Rants 'N Musings is back, now running on a completely new platform. Formerly, Rants 'N Musings was based on Drupal 6 running on a Linux platform based on Amazon's EC2. The instance was costing me about $80 per month, and required quite a bit of attention.

While Linux systems themselves tend to require very minimal attention, and there is always some degree of routine maintenance. Backups, security patches, and minor adaptive configuration changes are all the minimum baseline maintenance required for any operating system.

Drupal, on the otherhand has proven to be quite a bear to maintain. While I still believe Drupal to be one of the best content management platforms available, the cost as measured by my time, of maintaining it for an individual running a simple blog, at least for me, is way to high.

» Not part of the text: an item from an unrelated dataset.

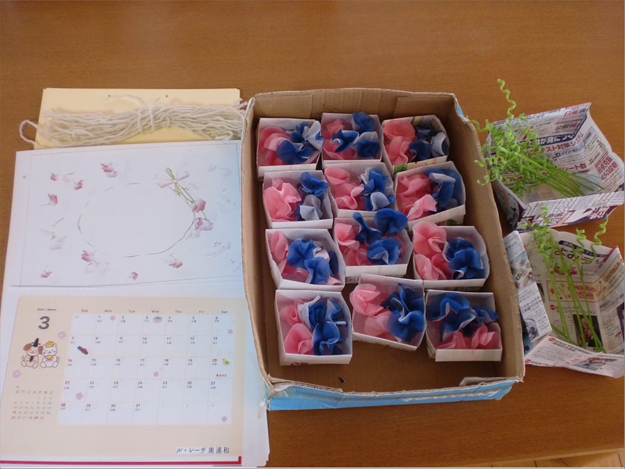 お花を合計8輪作成しなければいけなかったので、全員分でなんと320輪を作成しました!!(写真はほんの1部です)

I considered, briefly, migrating to Blogger or WordPress, but during the decision process, I came across a number of static blog generators (Jekyll, Pelican, Blosxom, Octopress, and Mynt). The more things change, the more they stay the same.

Originally, blogs were written as collections of HTML pages, and published. Early dedicated blogging programs also produced static HTML pages. One would write, generate, and upload to their webserver.

Later on, more sophisticated programs, ranging from simple dedicated blog engines to full-blown sophisticated content management systems became the norm. Most of the most popular blog engines are available as SaaS implementations. Many are also available as software you can host yourself.

The static generators, although they are much less sophisticated than most of the blog and content-management systems out there, have a number of appeals. Static websites are much more secure than any content-management system. They also tend to be faster as generating pages through a heavyweight system such as Drupal requires quite a bit more processing power and time.

There's also something to be said for the way it feels. Composition is done in a markdown editor. It's simple. Generation is done by running a python program from the command line. It's simple. It just feels good.

Hosting static webpages is cheap or even free. Traditional website hosting companies range from a few bucks to a few tens of bucks per month. Amazon's S3 can be used at a very low price. Free options exist too, such as hosting pages with Google, Github:pages, or even Dropbox.

Mynt stood out for me as being a work of very simple elegance. It's got enough power to do exactly what I want, without being overly complicated or heavy-weight. It provides a template driven approach to generating static pages. Though use of creative css and HTML layout, I was able to sufficiently reproduce the look and feel of my blog as it looked running on Drupal - without all of the maintenance and expense of hosting.